Data records:
········
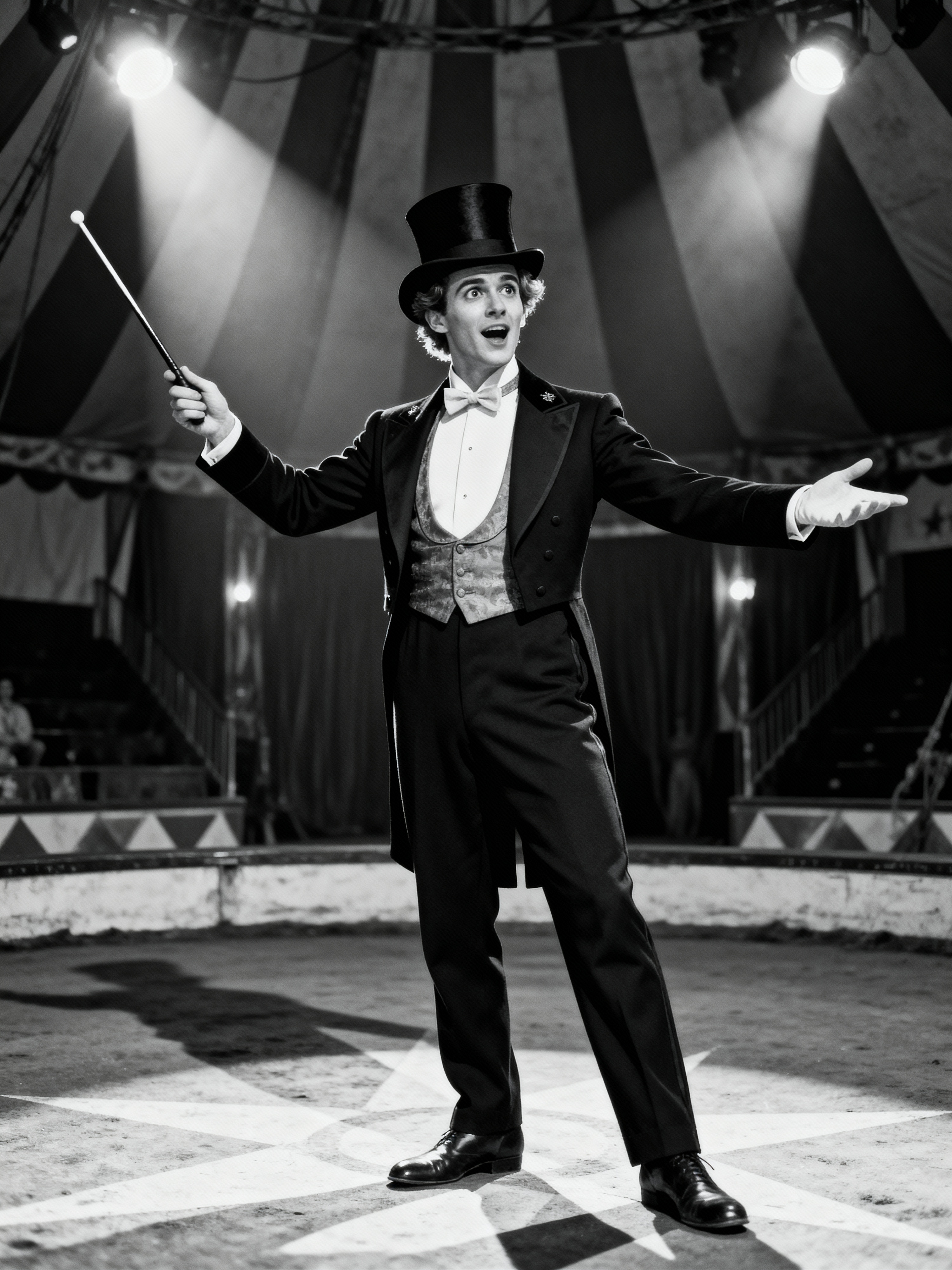 black and white 35mm film of model as a 1920s silent film ringmaster in top hat and tails, directing with baton, exaggerated expression of showmanship, dramatic spotlight, black and white with vintage film texture, big top circus setting
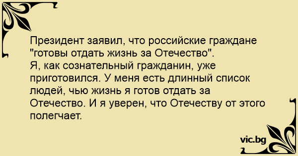 Я, как сознательный гражданин, уже приготовился. У меня есть длинный список людей, чью жизнь я готов отдать за Отечество. И я уверен, что Отечеству от этого полегчает.
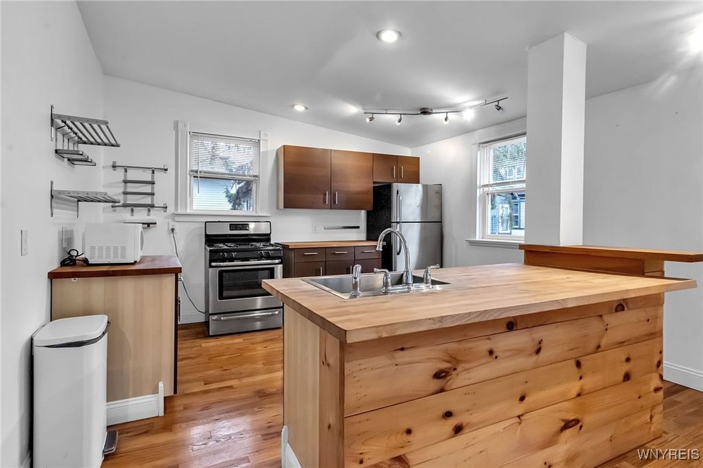Spectacular, two-story 4-Bedroom apartment in prime Elmwood Village location! Located on one of Elmwood Village's most desirable streets, this apartment is just steps from the Lexington Co-op, cafes, restaurants, and local shops. Very well maintained 4-bedroom, 2-bath apartment spans the 2nd and 3rd floors. Stunning open floor plan with modern kitchen includes artisan cabinetry, stainless steel appliances, island with seating, and a generous eat in area. Large family room with bay window! Beautiful hardwood floors throughout. Upper level includes carpeted bedrooms and tile bathroom. Abundant natural light fills the entire space! Updated windows throughout provides efficiency and comfort. On-site laundry and dedicated basement storage. Professionally cleaned and ready for immediate occupancy!
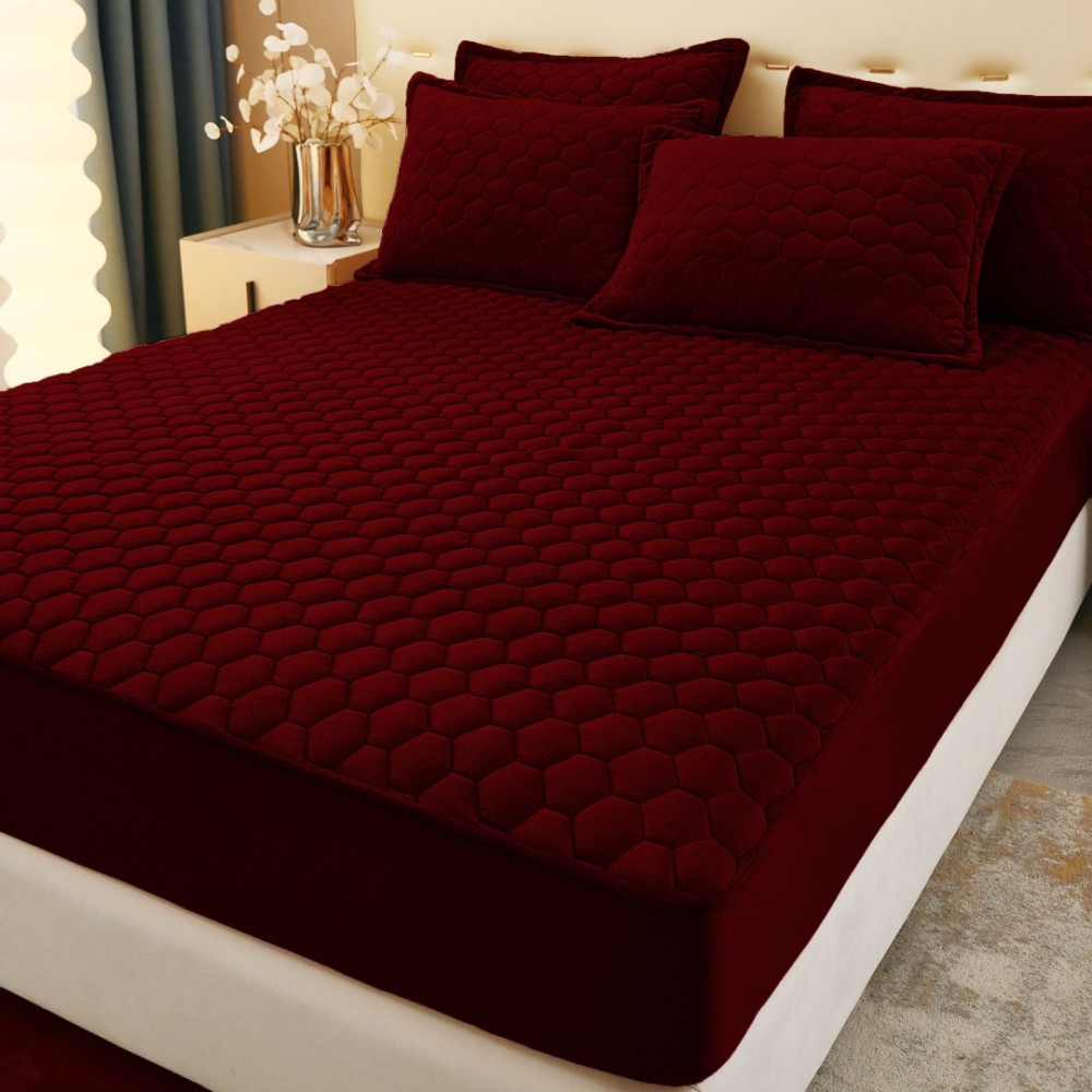 Husã matlasatã tip topper din catifea, 160x200cm + 2 fete de perna 50x70cm, grena, Alti producatori, cod produs: YAT118
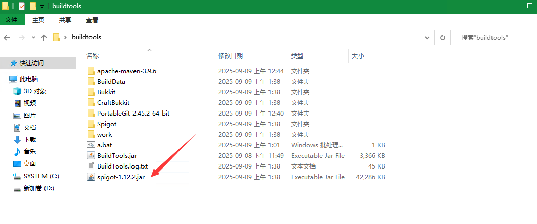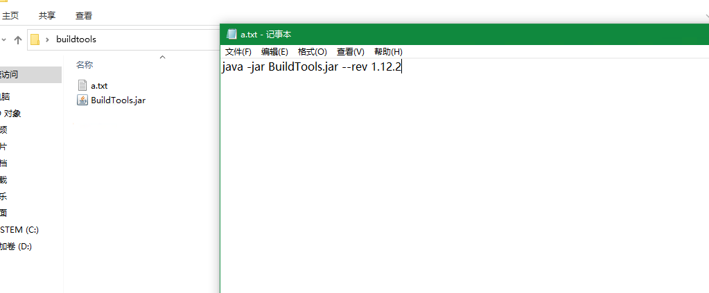 输入 java -jar BuildTools.jar --rev 1.12.2 1.12.2为版本号,可以自己输入想要的版本, 如果需要构建最新版本的,则把 --rev 1.12.2去掉即可,保存并将后缀的 .txt 改为 .bat 并双击打开bat文件
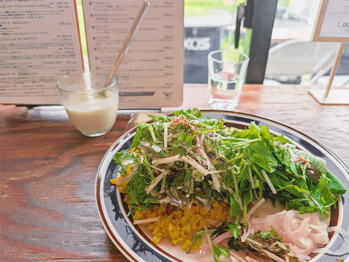 チキンが見えない量のとれたて野菜がもりもり乗っていて、お店オリジナルのココナッツオイルベースのドレッシングがとってもよく合います。
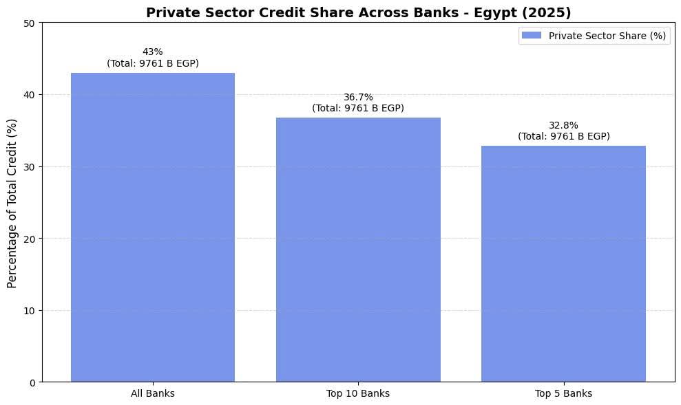 تحليل توزيع القروض بين البنوك الكبرى والصغرى يظهر أن حصة القطاع الخاص لدى أكبر 5 بنوك بلغت 32.8%، و36.7% لدى أكبر 10 بنوك، ويعكس هذا الفارق طبيعة عمل البنوك الكبرى، التي تميل إلى تمويل مشروعات ضخمة غالباً ما ترتبط بالقطاع العام أو المشاريع الاستراتيجية الكبرى، بينما توفر البنوك الأصغر مساحة أكبر لتوجيه التمويل للقطاع الخاص والمشروعات الصغيرة والمتوسطة.
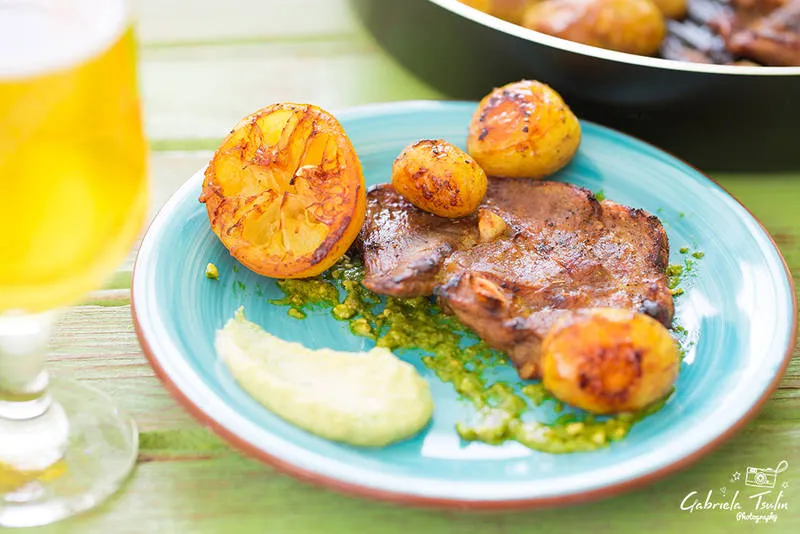 Свински пържоли върху канапе от босилеково песто и разядка от хумус
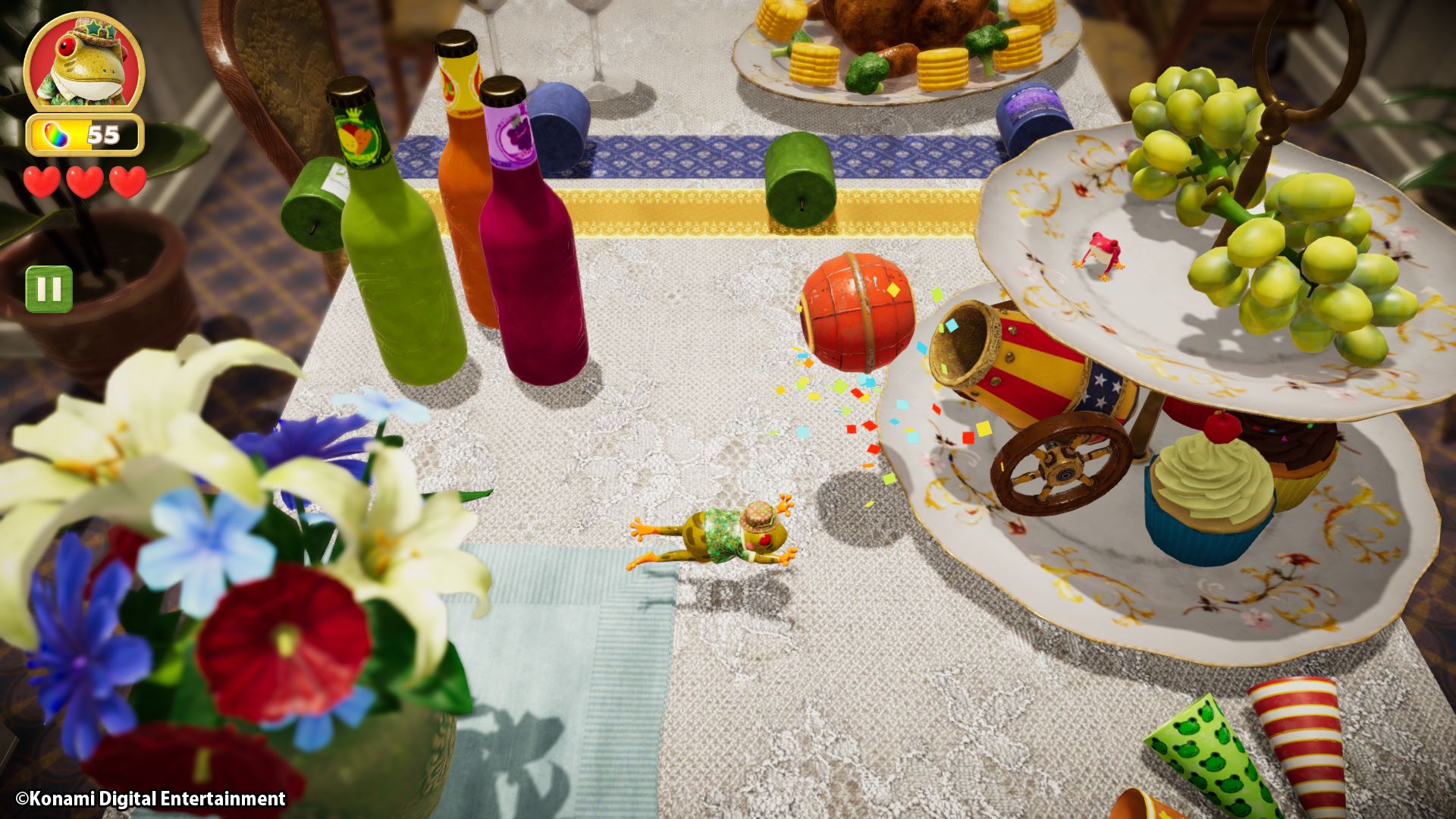 Konami revealed this past week that they have released a fresh update into their mobile app game Frogger In Toy Town. The game actually celebrated it's one year anniversary and has been touting itself as one of the bigger titles you can get on Apple Arcade these days. Now the developers are celebrating the first anniversary by adding eight new stages as well as numerous new costumes and collection items. The new update is being called the "Party Cruise" and is themed around a festival with a showboat and harbor bustling with attractions for you to visit as everyone's favorite froggy game icon. Players will be able to unlock festival-themed costumes that you can wear while rescuing froglets on the Water Lily. The update is free to download to the game as we speak, which you can see some extra screenshots of the action below.
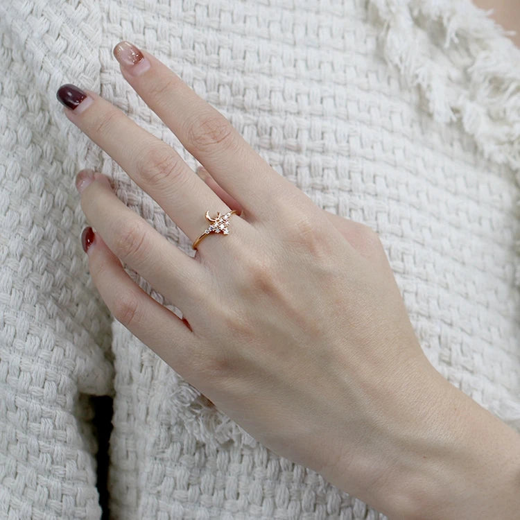 Emotional Factory Anel Prata 925 925 Sterling Silver 14K Gold Plated Personality Mini Zircon Moon Ring Bijoux for Women
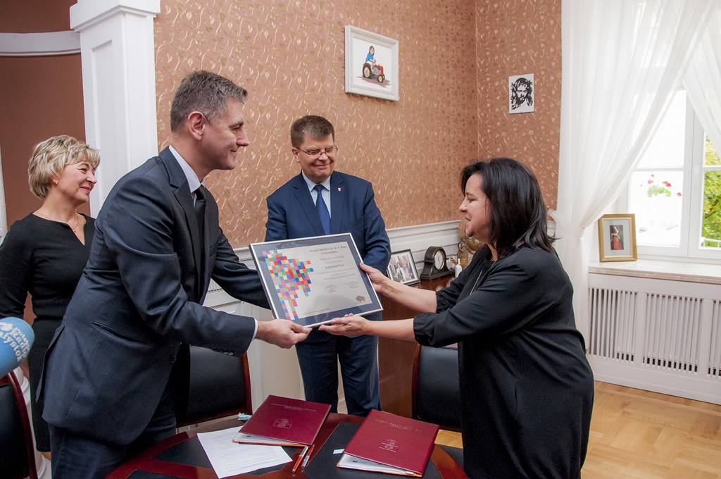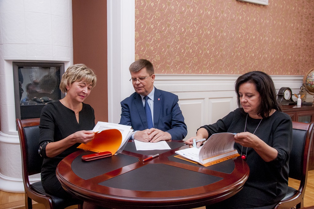 Uroczyste podpisanie umowy na realizację projektu „Restauracja obiektów zespołu pałacowo-parkowego wraz z konserwacją muzealiów Muzeum Rolnictwa im. ks. Krzysztofa Kluka w Ciechanowcu” w ramach Regionalnego Programu Operacyjnego Województwa Podlaskiego na lata 2014-2020
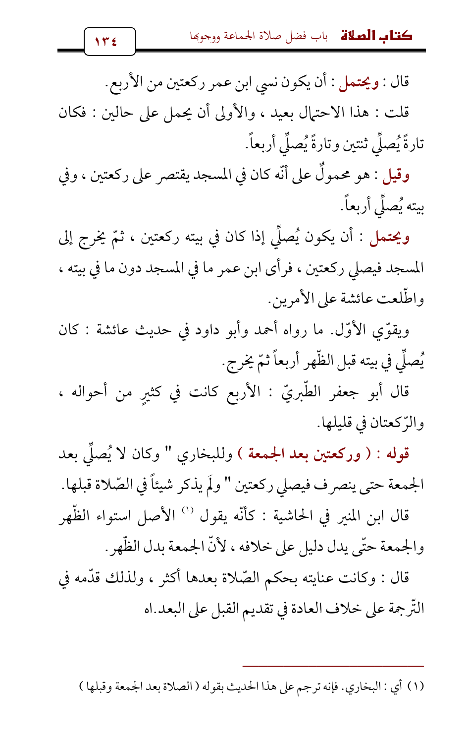 قلت: هذا الاحتمال بعيد، والأولى أن يحمل على حالين: فكان تارةً يُصلِّي ثنتين وتارةً يُصلِّي أربعاً.
········
Find the line with "تحليل توزيع القروض" in the data above, and from there retype each line exactly through the line with "Свински пържоли върху", skipping the pictures along the way.

REPLY:
 تحليل توزيع القروض بين البنوك الكبرى والصغرى يظهر أن حصة القطاع الخاص لدى أكبر 5 بنوك بلغت 32.8%، و36.7% لدى أكبر 10 بنوك، ويعكس هذا الفارق طبيعة عمل البنوك الكبرى، التي تميل إلى تمويل مشروعات ضخمة غالباً ما ترتبط بالقطاع العام أو المشاريع الاستراتيجية الكبرى، بينما توفر البنوك الأصغر مساحة أكبر لتوجيه التمويل للقطاع الخاص والمشروعات الصغيرة والمتوسطة.
 Свински пържоли върху канапе от босилеково песто и разядка от хумус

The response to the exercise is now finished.